Material provided |
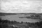 Herrborum fotograferat från Herrborums skär i Basteviken, Sankt Anna. Till vänster ses huvudbyggnadens östra gavel. Norr om denna ligger de bägge kvadratiska flyglarna från 1775.
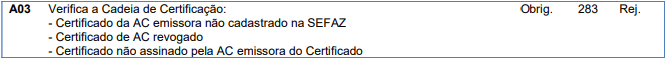 Essa rejeição ocorre quando o Certificado Transmissor está com Erro na Cadeia de Certificação.
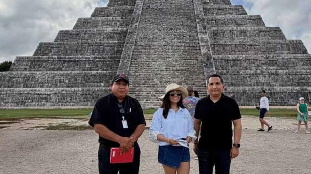 El acto se llevó a cabo en el parador turístico de Chichén Itzá, donde Jairo Suaste Salazar, director jurídico del sitio, y Jorge Carrillo Sáenz, presidente del Consejo Empresarial Turístico de Yucatán, entregaron a la joven una camiseta conmemorativa y la acompañaron en un recorrido guiado por la ciudad sagrada maya y el museo del lugar.
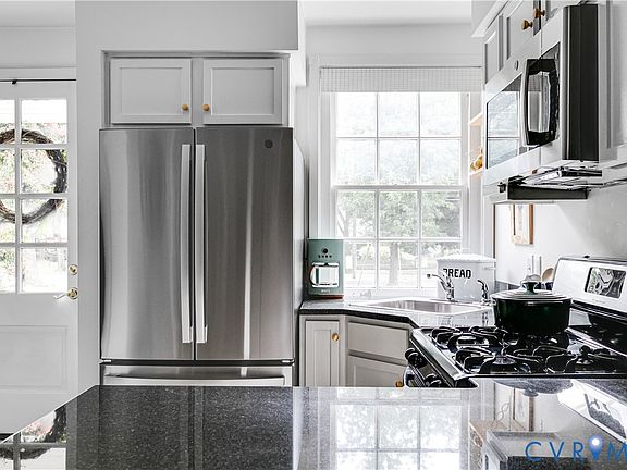 Location, location, location! This street-level corner condo with private entrance is a must see. Flooded with natural light, you will enjoy the bright and open layout with large windows, hardwood floors, and seamless flow from the kitchen to dining and living areas. The kitchen features granite countertops and brand-new microwave and refrigerator (2025). Fresh paint throughout enhances the light, airy feel. The spacious bedroom offers double closets and a private en-suite bath, plus there's a convenient half bath off the kitchen. Great storage throughout, along with a brand-new HVAC system (2024) for year-round comfort. Located in a quiet community nestled between Carytown and Libbie & Grove, this home offers easy walking and biking access to shops, dining, and entertainment. Enjoy sunny days by the stunning community pool or grilling in the shared outdoor space.
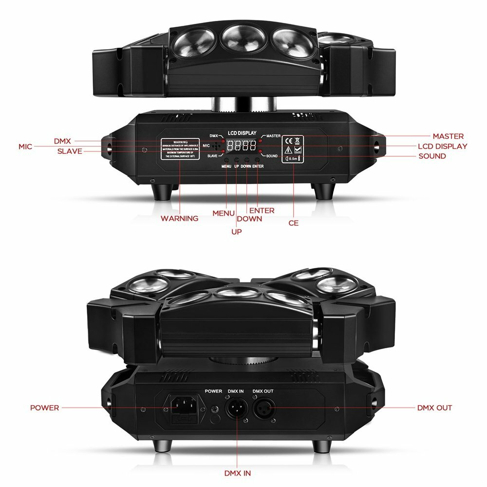 180W 9 LED Moving Head Stage Lighting RGB Spider Beam Lights DMX DJ Disco Party

What to produce | Word for word, restate the records shown above, minus the pictures.

Exercise output |
 Herrborum fotograferat från Herrborums skär i Basteviken, Sankt Anna. Till vänster ses huvudbyggnadens östra gavel. Norr om denna ligger de bägge kvadratiska flyglarna från 1775.
 Essa rejeição ocorre quando o Certificado Transmissor está com Erro na Cadeia de Certificação.
 El acto se llevó a cabo en el parador turístico de Chichén Itzá, donde Jairo Suaste Salazar, director jurídico del sitio, y Jorge Carrillo Sáenz, presidente del Consejo Empresarial Turístico de Yucatán, entregaron a la joven una camiseta conmemorativa y la acompañaron en un recorrido guiado por la ciudad sagrada maya y el museo del lugar.
 Location, location, location! This street-level corner condo with private entrance is a must see. Flooded with natural light, you will enjoy the bright and open layout with large windows, hardwood floors, and seamless flow from the kitchen to dining and living areas. The kitchen features granite countertops and brand-new microwave and refrigerator (2025). Fresh paint throughout enhances the light, airy feel. The spacious bedroom offers double closets and a private en-suite bath, plus there's a convenient half bath off the kitchen. Great storage throughout, along with a brand-new HVAC system (2024) for year-round comfort. Located in a quiet community nestled between Carytown and Libbie & Grove, this home offers easy walking and biking access to shops, dining, and entertainment. Enjoy sunny days by the stunning community pool or grilling in the shared outdoor space.
 180W 9 LED Moving Head Stage Lighting RGB Spider Beam Lights DMX DJ Disco Party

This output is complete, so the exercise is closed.